Attention, certains propos dans le texte qui suit peuvent heurter la sensibilité des plus ... émotives? Vous êtes libres de lire mais je préfère prévenir - et ainsi, m'éviter tout problème ;) - Bonne lecture !

  Si vous ne l'avez pas lu, il faut lire le prologue avant, sinon vous ne comprendrez pas qui parle. Le Prologue fait partie intégrante de l'histoire. (LienPrologue)
Et surtout, n'hésitez pas à donner votre avis sur ce chapitre ! ;)

- Partie I : Chapitre I -
 
        Ce fut en 1934 que cela se produisit. Je vivais à la Nouvelle-Orléans avec mes parents. Déjà humaine, j'étais froide comme la glace. Je n'avais pas d'amis et cela me convenait parfaitement. Mes parents eux-mêmes étaient distants avec moi. Je trouvais mon existence inintéressante et fade. Je ne comprenais pas vraiment le sens de la vie.
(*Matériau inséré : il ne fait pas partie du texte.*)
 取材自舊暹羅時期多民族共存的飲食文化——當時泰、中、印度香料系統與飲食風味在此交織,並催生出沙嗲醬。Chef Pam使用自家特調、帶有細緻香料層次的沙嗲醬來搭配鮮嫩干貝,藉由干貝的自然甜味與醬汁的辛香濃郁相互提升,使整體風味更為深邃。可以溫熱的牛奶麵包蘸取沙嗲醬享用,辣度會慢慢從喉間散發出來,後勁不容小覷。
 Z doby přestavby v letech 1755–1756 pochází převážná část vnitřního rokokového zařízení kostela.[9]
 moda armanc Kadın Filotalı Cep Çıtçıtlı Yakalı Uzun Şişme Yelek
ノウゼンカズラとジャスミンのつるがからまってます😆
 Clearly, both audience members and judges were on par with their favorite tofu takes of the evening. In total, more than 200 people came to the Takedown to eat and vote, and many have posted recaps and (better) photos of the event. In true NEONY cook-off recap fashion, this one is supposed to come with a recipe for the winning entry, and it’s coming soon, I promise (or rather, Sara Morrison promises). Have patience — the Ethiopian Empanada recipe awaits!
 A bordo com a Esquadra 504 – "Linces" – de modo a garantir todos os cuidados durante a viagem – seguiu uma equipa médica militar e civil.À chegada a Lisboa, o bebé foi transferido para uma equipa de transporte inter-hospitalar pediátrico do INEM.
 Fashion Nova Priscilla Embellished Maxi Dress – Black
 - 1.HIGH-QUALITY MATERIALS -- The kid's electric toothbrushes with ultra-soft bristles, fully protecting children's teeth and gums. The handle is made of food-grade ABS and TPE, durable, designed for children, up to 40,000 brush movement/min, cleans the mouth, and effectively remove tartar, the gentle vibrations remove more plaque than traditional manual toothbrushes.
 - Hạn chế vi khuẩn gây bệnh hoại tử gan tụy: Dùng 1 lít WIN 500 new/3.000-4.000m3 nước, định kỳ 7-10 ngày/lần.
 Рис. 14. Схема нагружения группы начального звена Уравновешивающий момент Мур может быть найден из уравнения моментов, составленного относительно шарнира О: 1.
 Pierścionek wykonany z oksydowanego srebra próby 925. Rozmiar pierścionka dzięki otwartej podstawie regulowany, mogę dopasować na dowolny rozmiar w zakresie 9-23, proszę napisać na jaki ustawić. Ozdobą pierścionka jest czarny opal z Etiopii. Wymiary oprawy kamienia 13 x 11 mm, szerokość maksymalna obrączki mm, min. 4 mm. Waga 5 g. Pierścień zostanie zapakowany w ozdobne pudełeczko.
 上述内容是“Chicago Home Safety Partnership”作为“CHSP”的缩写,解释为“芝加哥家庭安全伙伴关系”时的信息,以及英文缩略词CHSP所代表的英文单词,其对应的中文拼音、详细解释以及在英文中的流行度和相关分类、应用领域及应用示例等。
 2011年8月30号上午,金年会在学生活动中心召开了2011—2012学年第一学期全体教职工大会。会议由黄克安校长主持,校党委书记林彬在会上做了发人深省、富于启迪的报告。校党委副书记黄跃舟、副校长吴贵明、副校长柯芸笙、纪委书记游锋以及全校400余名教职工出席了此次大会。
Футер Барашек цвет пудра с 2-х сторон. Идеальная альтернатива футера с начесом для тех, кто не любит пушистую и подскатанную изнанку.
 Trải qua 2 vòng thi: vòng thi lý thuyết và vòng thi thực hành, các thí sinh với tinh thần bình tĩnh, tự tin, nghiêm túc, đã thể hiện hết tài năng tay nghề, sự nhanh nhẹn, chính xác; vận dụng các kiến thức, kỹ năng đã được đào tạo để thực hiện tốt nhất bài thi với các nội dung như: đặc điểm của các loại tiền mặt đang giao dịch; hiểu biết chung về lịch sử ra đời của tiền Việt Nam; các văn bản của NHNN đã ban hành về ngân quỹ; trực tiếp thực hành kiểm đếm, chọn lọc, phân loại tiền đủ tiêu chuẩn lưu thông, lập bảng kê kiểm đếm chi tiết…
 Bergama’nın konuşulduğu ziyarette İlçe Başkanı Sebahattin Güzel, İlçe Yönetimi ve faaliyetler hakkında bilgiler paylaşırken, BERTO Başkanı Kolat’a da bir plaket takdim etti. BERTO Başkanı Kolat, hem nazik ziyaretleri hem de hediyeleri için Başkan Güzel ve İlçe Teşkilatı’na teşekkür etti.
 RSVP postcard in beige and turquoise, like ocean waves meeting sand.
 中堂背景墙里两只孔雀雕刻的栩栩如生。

En y repensant, même à cette époque, je préférais la fraîcheur et le calme du crépuscule au bruit incessant du jour. Je me laissais porter par les semaines qui se succédaient les unes aux autres, arpentant les rues désertées de la ville. Je m'arrêtais souvent pour dessiner.
        La veille de ma création, la soirée était plus étrange qu'a l'accoutumée. J'avais le sentiment d'être suivie continuellement. Il me semblait entendre des murmures me disant : « Regarde bien attentivement le soleil dans toute sa beauté demain. » Ce devait être mon imagination. Je rentrais chez moi sans y prêter attention.
        Au matin, je fis pourtant ce qu'il m'avais semblé être un conseil. J'observai l'éclat flamboyant du soleil au petit jour. Il était comme d'habitude pourtant. Tout était habituel, d'ailleurs. Je me souviens très bien de la chaleur de ce jour d'été. Je m'étais vêtue d'une robe blanche légère accompagnée d'un léger foulard noué sur le côté de ma gorge. Comme je n’exerçais aucun métier, je passai la journée dehors, prise d'une irrésistible envie de tout dessiner. Je dessinai l'aube, les oiseaux et même certains passants que je trouvais plus beaux que les autres. En fin d'après-midi, je fus importunée par une bande de jeunes imbéciles en manque de filles. Je retins le nom du chef, Jason. Il était boursouflé par l'alcool qu'il ingérait continuellement. Ses joues mal rasées pendaient lamentablement. Ses cheveux baignaient dans la gomina et quelques mèches tombaient sur son front. Ses yeux marrons vitreux était rivés sur mes atouts. Il ne lui manquait plus que la langue pendante et il aurait fait un parfait petit chien. Je le regardai avec un mélange de dégoût et de dédain. Un agent de police vint à ma rescousse et je pus plier bagage pour rentrer chez moi. Le soir, j'observai attentivement le coucher de soleil pour le peindre. Je m'appliquai dans le choix des couleurs et de la prise de vue.
        Ma mère vint me jeter dehors car elle recevait des invités de marque. Elle avait déjà presque 51 ans et ne rechignait pas à travailler. C'était une femme relativement corpulente. Ses mains boudinées étaient ravagées par le temps. elle n'était pas très jolie en somme. Une rombière banale et sans intérêt. Ma beauté venait de feu mon père, mort suite à une maladie lorsque je n'était encore qu'une enfant. Il avait toujours le cœur sur la main et était tout le contraire de ma mère. Elle, elle cherchait à s'élever dans la société, aussi, lorsqu'elle recevait à dîner, je devais quitter les lieux pour ne pas l'embarrasser.
        Il n'en avait pas toujours été ainsi. Au début, elle me conviait, espérant me marier avec l'un de ses bourgeois fonctionnaires. Leurs visages de porcs me scrutant dans les moindres détails pour savoir si j'étais une bonne marchandise me répugnaient. Mais je les faisais vite déchanter avec mon air méprisant. Je ne répondais que le strict nécessaire, m'appliquant à mettre toute la froideur de mon âme dans mes mots. Je finissais pas les mettre mal à l'aise, ce qui convainquit ma mère de me laisser tranquille.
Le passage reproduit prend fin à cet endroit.